About Shitlakhet

Sunrise over the Himalayan peaks -a view from Shitlakhet

Shitlakhet and the villages surrounding it (including Salla Rautela) makes for a very interesting cluster that seems to have had a cosmopolitan history – having proximity to the significant town of Almora.

Shitlakhet is located 30km from both Ranikhet and Almora. Historically, it has been known as the market and gateway to the temple of Syahi Devi – attracting pilgrims locally on special occasions. Shitlakhet is known such because of the oak forests near it which keep it close or “Sitla”.

Economy of Shitlakhet

The villages around Shitlakhet have had a primarily agrarian economy. However, with better opportunities in cities like Haldwani, Dehradun, and Delhi, few people tend to the large landholdings. Local and introduced monkeys also create havoc and dissuade the local population from following this lifestyle.

However, while many families have shops now, there are many who still grow the traditional crops including, Lai, Gadheri, Bhat, Gahat, Rajma, and Pumpkin, and gather chestnuts and walnuts.
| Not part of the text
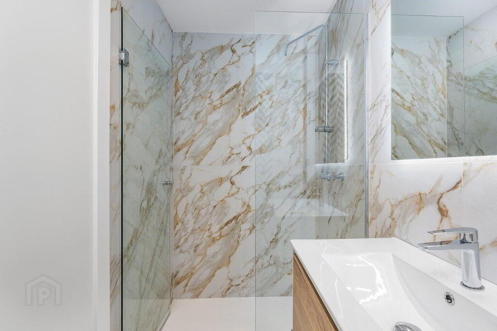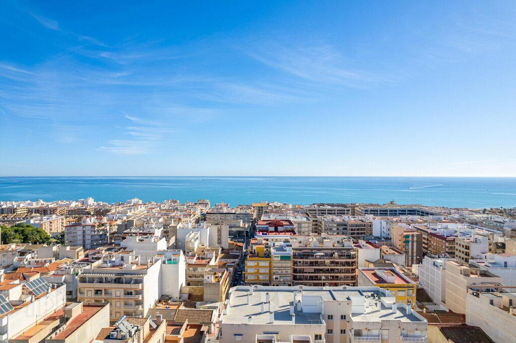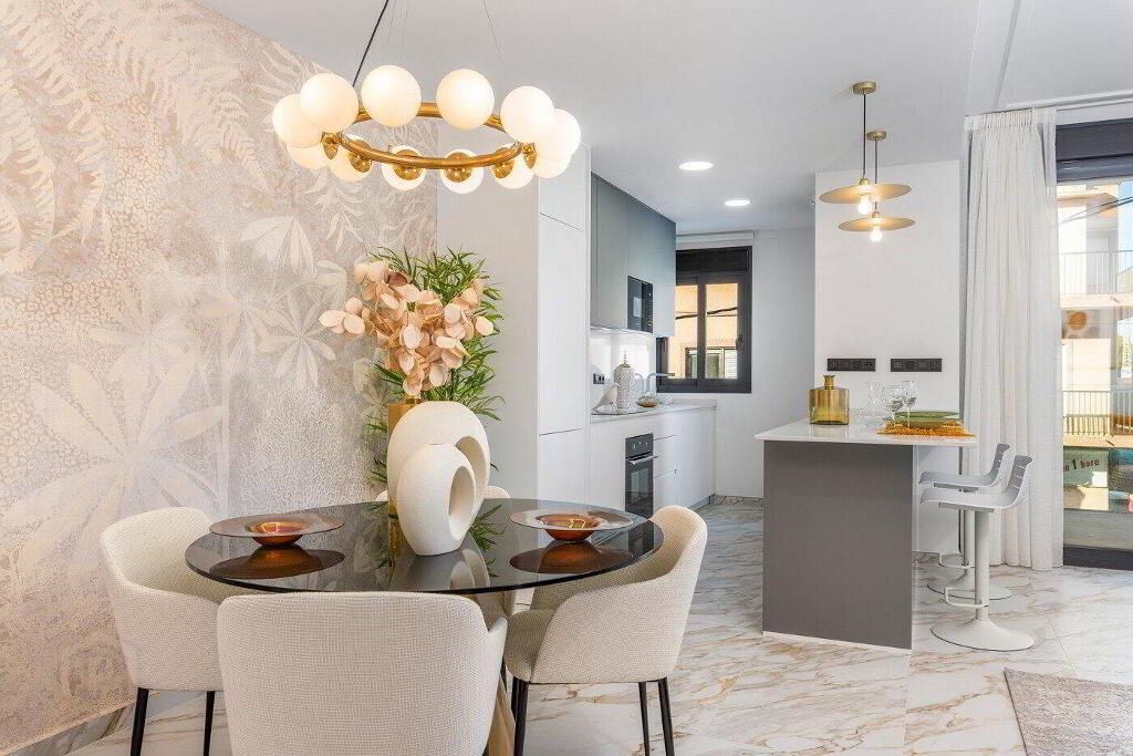 The master bedroom is over 12 m2 and you can walk through the sliding door to the large terrace for breakfast, this bedroom also has an en-suite bathroom, a wall wardrobe over 3 meters wide and is equipped with shelves, drawers and automatic lighting when you open the door. The other 2 spacious bedrooms also have fitted wardrobes, creating an efficient room layout. These 2 bedrooms share a bathroom. Of course, also included is the luxury kitchen, which is equipped with a breakfast bar and is located next to the spacious dining/living room, which in turn connects to the terrace. Of course, there is a lift in the complex which goes from the ground floor to the solarium.

Immigrants from Nepal help in working on the crops or with village chores as may be necessary. 

Historical Significance

Being on a juncture between Almora and Ranikhet, the region witnesses its own set of historical tourists – Bhabariyas or shepherds who trek with their sheep from Joshimath to the plains of Ramnagar during the winter months in search of grass. They cover the route of 300km in a span of 2 months. On the way, they stay over at Shitlakhet, and you can spend winter mornings navigating through the maze of wool.

Shitlakhet and the mountains of Syahi Devi have also been hunting grounds for the British and old British trails are still used. The oak forests still hold a lot of water and the British pipelines that supplied water to the town of Almora from Syahi Devi (a distance of 30km) are still in service.

In the evening, while sipping your whisky, you’d see the lights of Almora in the distance. In the day, you’ll see the Kilmora tree from which the name Almora is derived. You will love seeing the busy markets of this 16th Century town. Almora has seen war and culture like most major cities in India have.

Exploring Shitlakhet

Shitlakhet is known for its natural beauty. Local residents fiercely protect this beauty. A plethora of wildlife live in the rich oak and pine forests of this region. The panoramic views of the Himalayas from various points on various hikes make for excellent visual memories. The temples dotting the landscape help give an insight into local myth, history and legend.